Intuitively this seems true and would be a useful lemma in proving the fundamental theorem of calculus without assuming continuity of the derivative, i.e. that if $f$ is differentiable on $[a, b$ and the derivative is Riemann integrable then $\int_a^b f' = f(b) – f(a)$. But is it true and if so is there any standard terminology for such a cover ? My attempt at a proof follows.
Let $I = [a, b]$ be a closed bounded interval in $\mathbb R$. Then (Hiene-Borel theorem) every open cover of open intervals has a finite sub-cover.

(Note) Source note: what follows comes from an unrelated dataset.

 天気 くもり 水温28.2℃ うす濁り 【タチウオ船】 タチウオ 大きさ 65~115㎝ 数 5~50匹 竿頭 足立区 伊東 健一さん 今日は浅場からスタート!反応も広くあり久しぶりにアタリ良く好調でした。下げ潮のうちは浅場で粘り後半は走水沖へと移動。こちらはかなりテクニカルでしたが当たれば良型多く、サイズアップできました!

We can assume that the open intervals have distinct R-endpoints, as for any two with the same R-endpoint one must be contained within the other and the smaller one (or either if the same L-endpoint) can be discarded without affecting the cover.

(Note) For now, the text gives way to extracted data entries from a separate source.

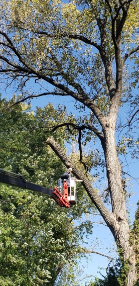 The offending tree that has kept me awake at night is a 60′ tall cottonwood tree in the upper corner of our backyard. It is a massive tree and has three branches, one of which hangs toward our house.
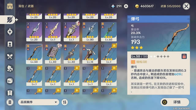 弹弓:甘雨、安柏、菲谢尔、达达利亚可在萌新期过渡使用。
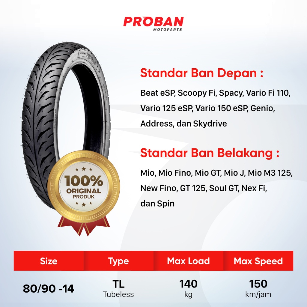 PAKET BUNDLE BAN DEPAN BELAKANG SEPASANG RING 14 BAN MOTOR TUBELESS PROBAN 80/90-14 & 90/90-14
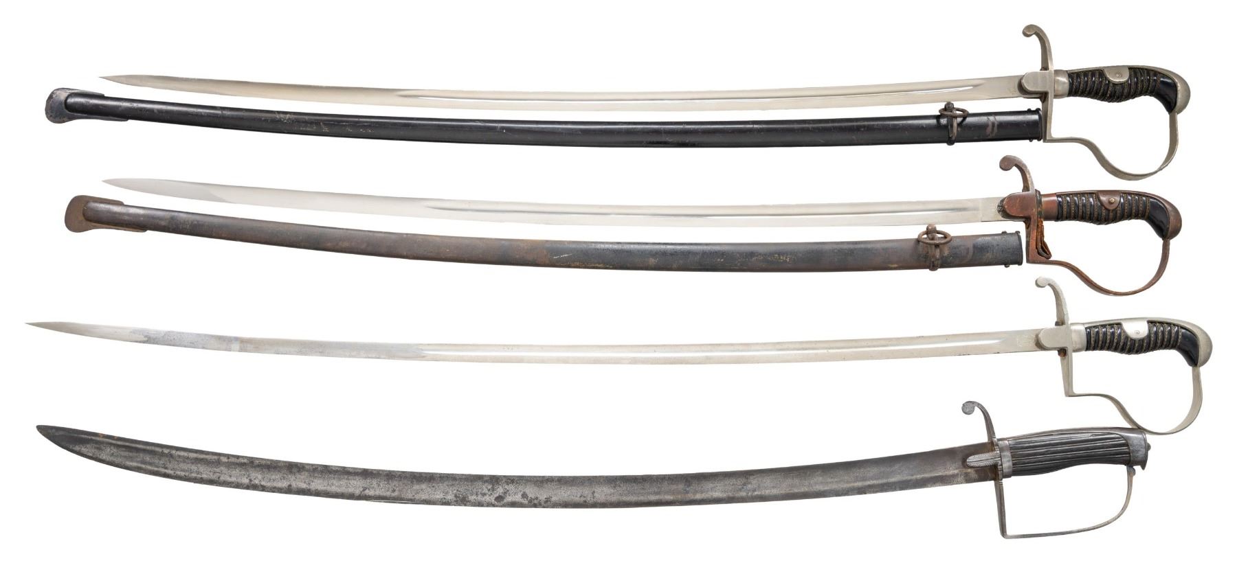 1) An officer's saber measuring 39 1/4" overall with a plain single fullered 32 3/4" blade marked "ALBERT LOSCHER HAMM". Plain plated hilt with a birds head pommel. Wire wrapped black composite grip with a black enameled scabbard. CONDITION: blade retains original polish and the hilt shows light wear. Scabbard has 80% finish. 2) An officer's saber measuring 38" overall with a plain single fullered 31 3/4" blade marked "A C (logo) S". Plain brass hilt with a birds head pommel. Wire wrapped black composite grip with a black enameled scabbard. CONDITION: blade retains original polish and the hilt shows light wear with a dark brown patina. Scabbard has 40% finish with dents. 3) An officer's saber measuring 40" overall with a plain single fullered 35" blade marked "F.W. HOLLER (logo) SOLINGEN". Plain plated hilt with a birds head pommel. Wire wrapped black composite grip. No scabbard. CONDITION: blade retains original polish with some spotting, and the hilt shows light wear. 4) An early 1800s saber measuring 37" overall with a 32" plain single fullered blade. Plain iron hilt with narrow langets and a reeded wood grip. No scabbard. CONDITION: blade has a dark patina with evidence of cleaned pitting. Hilt has a gray patina and the grip shows moderate wear. (02-24164/BF). NON-GUN. $400-700.
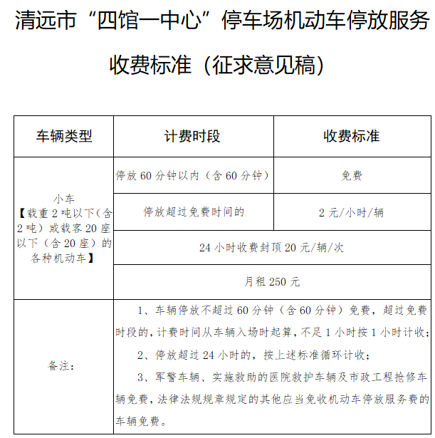 日前,清远市清城区发展和改革局发布公告,清远市“四馆一中心”停车场、清远市广清城际轨道洲心站停车场两个停车场拟收费。

Then these open intervals $\{O_i\ = (a_i, b_i)\}_{i = 1, n}$ can be ordered by their R-endpoints $\{b_i\}_{i = 1, n}$ in a strictly ascending sequence $b_1 < b_2, …< b_n$.
Claim:
from such a set $\{O_i = (a_i, b_i)\}_{i = 1, n}$ we can select a subset which covers $[a, b]$, renumbered as $\{O'_j = (a'_i, b'_1)\}_{j = 1, m}$ in strictly ascending sequence $b'_1 < b'_2, …< b'_m$ such that for $|i – j| > 1$ then $O'_i \cap O'_j = \emptyset$ and for $|i – j| = 1$ then $O'_i \cap O'_j \not= \emptyset$.
Construction:
Choose $O'_1$ from intervals $O_i$ having $a \in O_i$ and maximizing $b_i$ among such intervals.
Iteratively, stop if $b$ is in the last chosen interval $O'_j$, otherwise, …
Chose $O'_{j+1}$ from intervals $O_i$ having $b'_j \in O_i$ and maximizing $b_i$ among such intervals.
Then the set $\{O'_j\} $ fulfills the requirements.
Proof:
Since the set $\{O_i\} $ covers $[a, b]$ then for $a$ in step1 and for every $b'_j$ in the iteration there is an $O_i$ which contains it and since the endpoints are unique there is exactly one which maximizes $b_j$.
Since the $O_i$ chosen as $O'_{j+1}$ contains $b'_j$ and is open then it has a non-empty intersection with $O'_j$. I.e. consecutive open intervals intersect.
The $O_i$ chosen as $O'_{j+1}$ cannot intersect any interval prior to $O'_j$ as this would require it to have been chosen previously in order to maximize $b_j$.
Best Answer
In fact, an open cover of $X$ where any point of $x$ is in at most $n$ elements of the cover is called a cover of order $n$, and such covers are used in the covering dimension in general topology: a space has $\dim(X) \le n$ iff every finite cover of $X$ has a refinement of order $\le n+1$. (see Wikipedia for more info.)
A theorem by Lebesgue shows that $\dim([0,1])=1$ and so refinements of order $2$ (which is what you want) exist. If we are in an ordered space and we take covers of open intervals we get our minimally overlapping sets as you desire.